Logical comparison between different columns?

The data in my PBI model are from a SQL database for Time & Billing in a professional services firm. I am attempting to create a report on "leverage," which is the sum of hours worked on a matter by timekeepers other than the timekeeper who originated the work. (All Timekeepers can be either originating timekeepers or working timekeepers.) Logically, it would be the SUM of [Hours] where working timekeeper <> originating timekeeper.

 

The problem arises because the identity of the originating timekeeper is in a lookup table listing all Matters, while the working timekeeper is identified in the FACT table for time entries (along with the Matter worked on, hours worked, etc.) The Matter table and the Fact table are related by the "Matter Number" field (one Matter to many time entries per Matter).

 

My initial thinking was a measure like this:

= CALCULATE(SUM(Fact[Hours]),Fact[TimekeeperID]<>Matter[OriginatingTimekeeperID])

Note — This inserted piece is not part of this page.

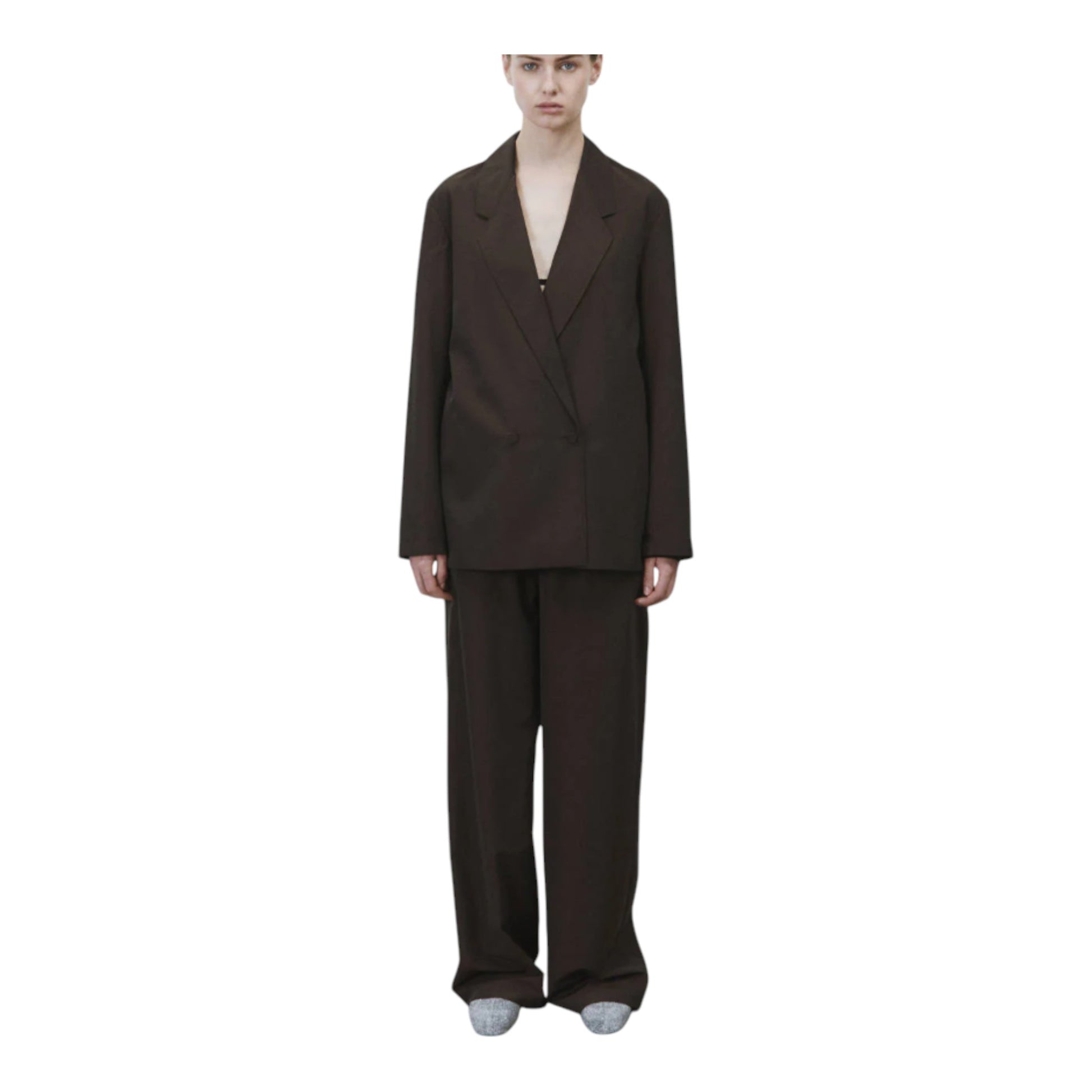 ウールをブレンドした特殊な生地は、光の角度によって表情を変える上品な光沢感と、深みのあるチョコレート色が魅力です。クラシックなノッチドラペルと、共布のボタンを使用したダブルブレストデザインが、洗練された印象を与えます。

But alas, I got the error message: "The expression contains multiple columns, but only a single column can be used in a True/False expression that is used as a table filter expression."

 

Is there a way to perform a logical comparison (true/false) on different columns in different tables?

1 ACCEPTED SOLUTION

Accepted Solutions
v-ljerr-msft Super Contributor
Super Contributor

Re: Logical comparison between different columns?

@MojoGene

 


My initial thinking was a measure like this:

= CALCULATE(SUM(Fact[Hours]),Fact[TimekeeperID]<>Matter[OriginatingTimekeeperID])

But alas, I got the error message: "The expression contains multiple columns, but only a single column can be used in a True/False expression that is used as a table filter expression."

 

Is there a way to perform a logical comparison (true/false) on different columns in different tables?


 

If you need to invoke CALCULATE using more than one column in the condition, you need to use FILTER function, which provides a list of values instead of a condition. Since these two tables are related by the "Matter Number" field, you can use RELATED() function to compare two column values.

 

Please refer to formula below:

=
CALCULATE (
    SUM ( Fact[Hours] ),
    FILTER (
        Fact,
        Fact[TimekeeperID] <> RELATED ( Matter[OriginatingTimekeeperID] )
    )
)

 

Regards,

Jerry

View solution in original post

4 REPLIES 4
Highlighted
ianbarker Regular Visitor
Regular Visitor

Re: Logical comparison between different columns?

I think you're almost there, however you need to use the SUMX function rather than SUM.

The SUMX will allow you to add an additional filter expression that the SUM won't.

 

MojoGene Member
Member

Re: Logical comparison between different columns?

I'll give that a try ...

v-ljerr-msft Super Contributor
Super Contributor

Re: Logical comparison between different columns?

@MojoGene

 


My initial thinking was a measure like this:

= CALCULATE(SUM(Fact[Hours]),Fact[TimekeeperID]<>Matter[OriginatingTimekeeperID])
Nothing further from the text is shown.